*** AVAILABLE RECORDS Section Begins ***

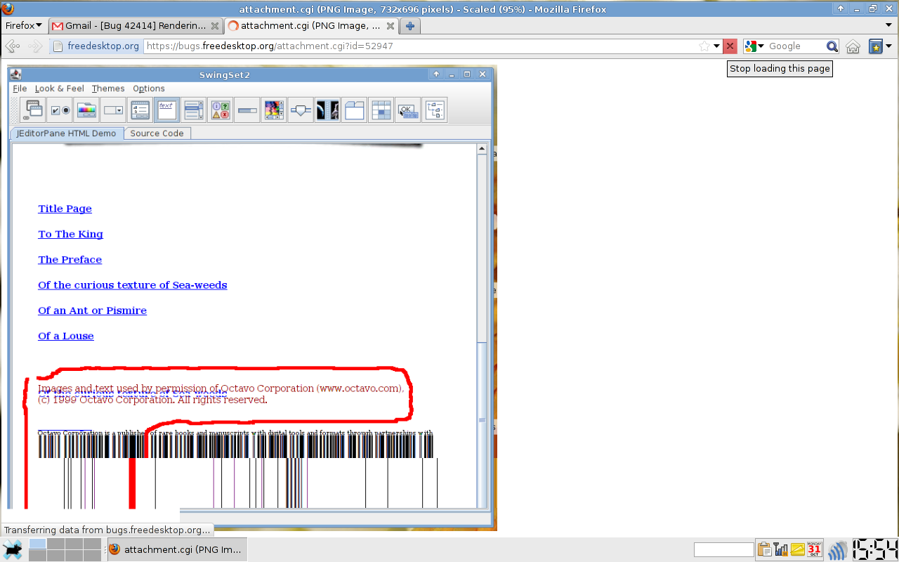 When firefox loads an image, it renders it a few times while loading, which seems to be broken with SNA. The screenshot attached shows firefox-7.0.1, displaying a partially loaded image from bugzilla. intel i945GM libdrm-2.4.27 pixman-0.23.8 linux-3.1.0 xorg 1.11.1
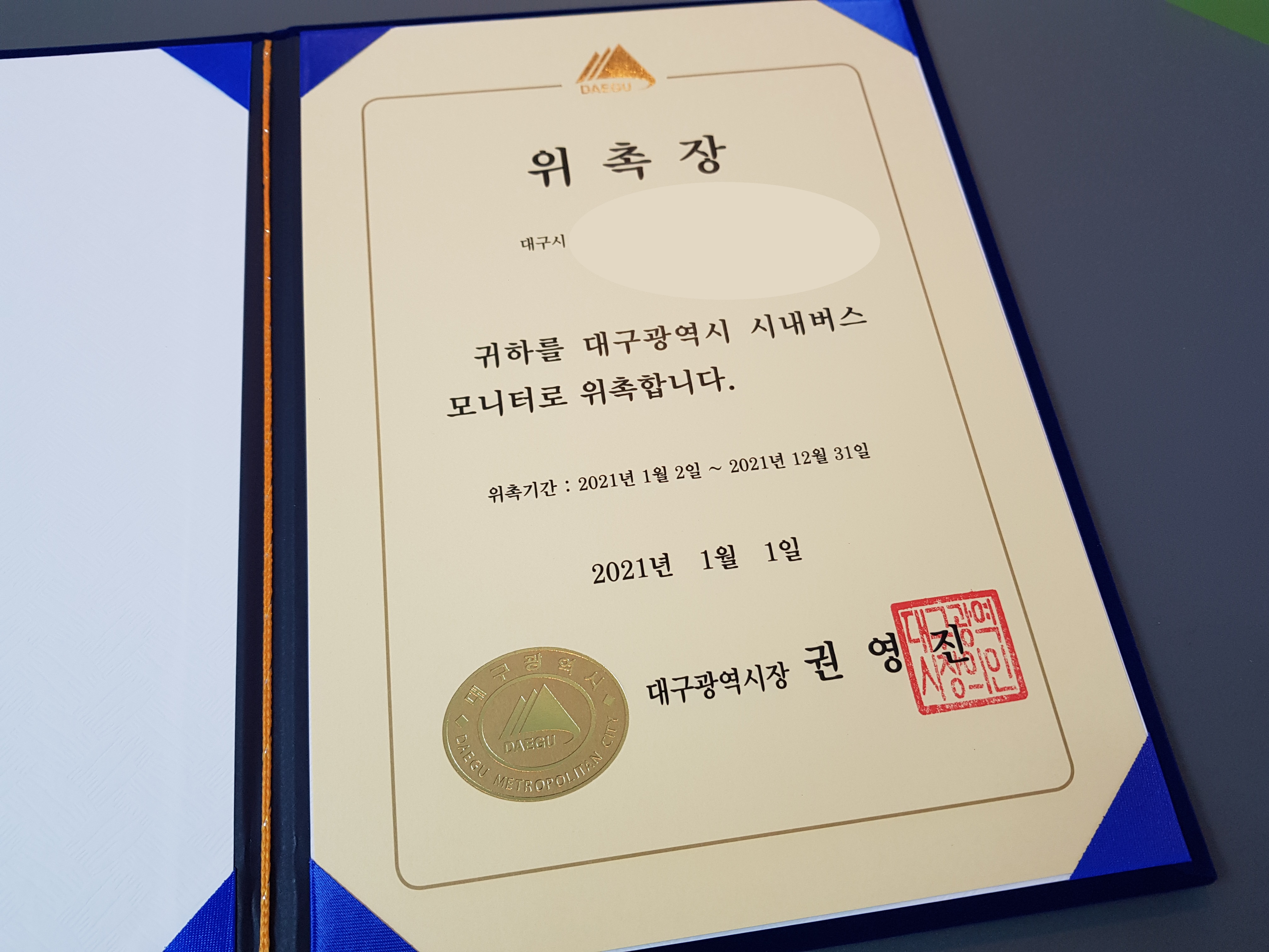 짜잔! 대구시 "시내버스 모니터위촉장" 재중이라고 스티커가 붙어있구요~
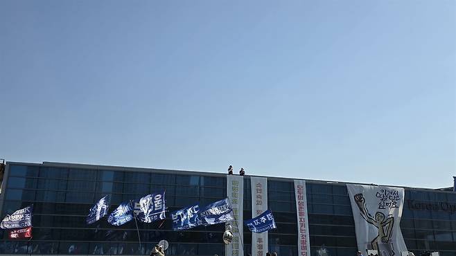 | ▲ 4월 26일 경북 구미의 한국옵티칼하이테크 공장 옥상에서 고공 농성을 이어간 해고노동자 박정혜, 소현숙씨가 '옵티칼 희망버스' 문화제 참가자들과 만나고 있다. 다음날인 27일 소씨는 건강 악화를 이유로 476일만에 농성을 중단했다. |
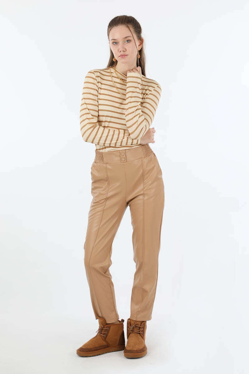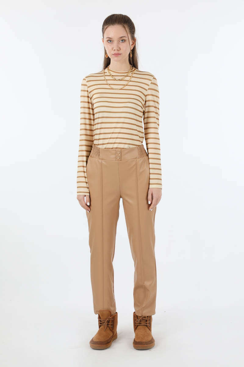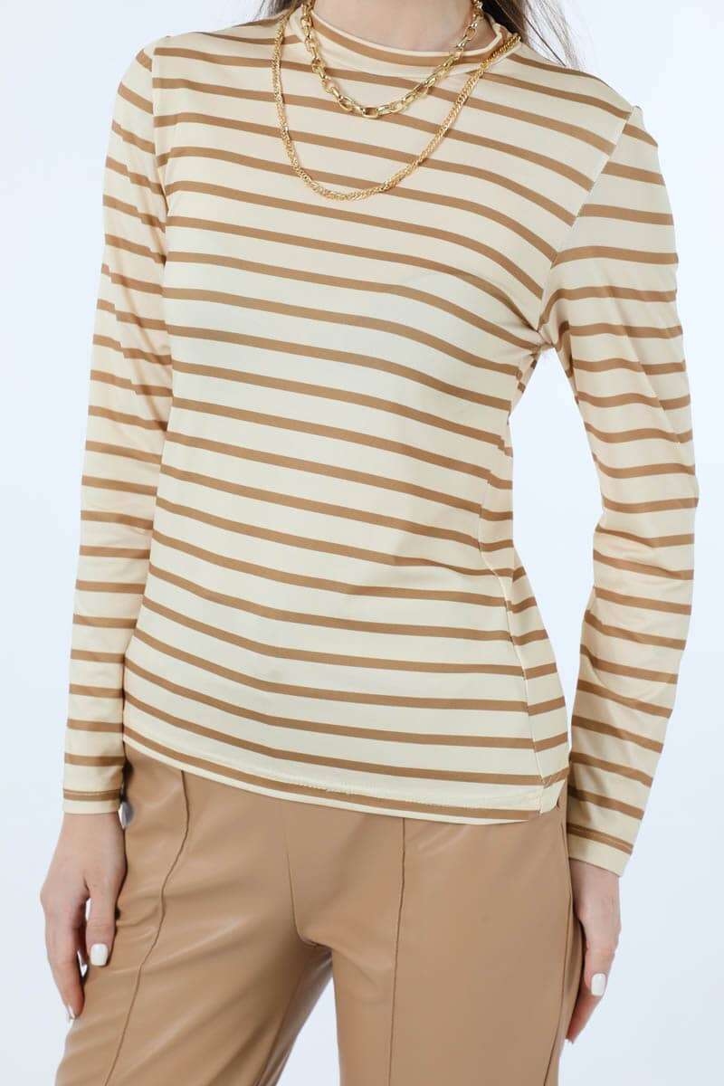 Çizgili Body Camel. Bisiklet yakalıdır. Uzun kolludur. Yumuşak ve esnek kumaşlıdır. Günlük kullanım ve özel günlerinizde tercih edebilirsiniz.
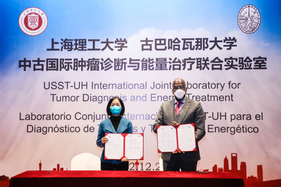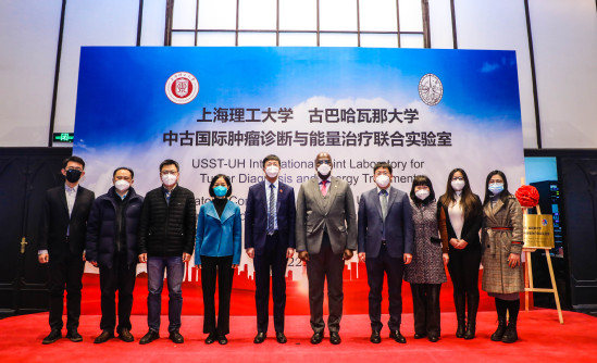 12月22日上午,中古国际肿瘤诊断与能量治疗联合实验室签约揭牌仪式在学校大礼堂二楼贵宾厅线上线下同步举行。古方出席会议的有古巴驻上海总领事迪亚斯,古巴哈瓦那大学校长加西亚、常务副校长席尔瓦,永利集团304am官方入口党委书记吴坚勇、副校长蔡永莲,党校办、国交处、科研院、健康学院、材料学院等有关职能部门和学院负责人参加活动。仪式由蔡永莲副校长主持。
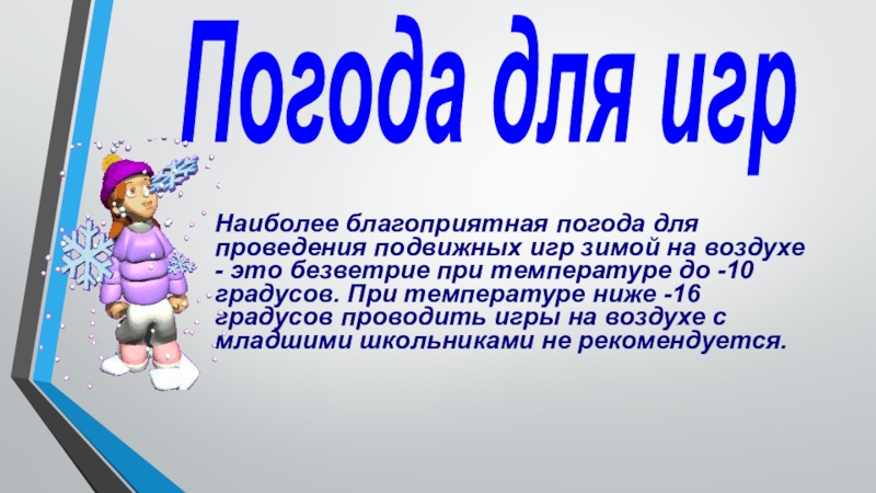 Наиболее благоприятная погода для проведения подвижных игр зимой на

*** AVAILABLE RECORDS Section Ends ***

_ABOUT THIS TASK_. Copy the data exactly. Any picture it contains is to be omitted.

_YOUR RESPONSE_.
 When firefox loads an image, it renders it a few times while loading, which seems to be broken with SNA. The screenshot attached shows firefox-7.0.1, displaying a partially loaded image from bugzilla. intel i945GM libdrm-2.4.27 pixman-0.23.8 linux-3.1.0 xorg 1.11.1
 짜잔! 대구시 "시내버스 모니터위촉장" 재중이라고 스티커가 붙어있구요~
 | ▲ 4월 26일 경북 구미의 한국옵티칼하이테크 공장 옥상에서 고공 농성을 이어간 해고노동자 박정혜, 소현숙씨가 '옵티칼 희망버스' 문화제 참가자들과 만나고 있다. 다음날인 27일 소씨는 건강 악화를 이유로 476일만에 농성을 중단했다. |
 Çizgili Body Camel. Bisiklet yakalıdır. Uzun kolludur. Yumuşak ve esnek kumaşlıdır. Günlük kullanım ve özel günlerinizde tercih edebilirsiniz.
 12月22日上午,中古国际肿瘤诊断与能量治疗联合实验室签约揭牌仪式在学校大礼堂二楼贵宾厅线上线下同步举行。古方出席会议的有古巴驻上海总领事迪亚斯,古巴哈瓦那大学校长加西亚、常务副校长席尔瓦,永利集团304am官方入口党委书记吴坚勇、副校长蔡永莲,党校办、国交处、科研院、健康学院、材料学院等有关职能部门和学院负责人参加活动。仪式由蔡永莲副校长主持。
 Наиболее благоприятная погода для проведения подвижных игр зимой на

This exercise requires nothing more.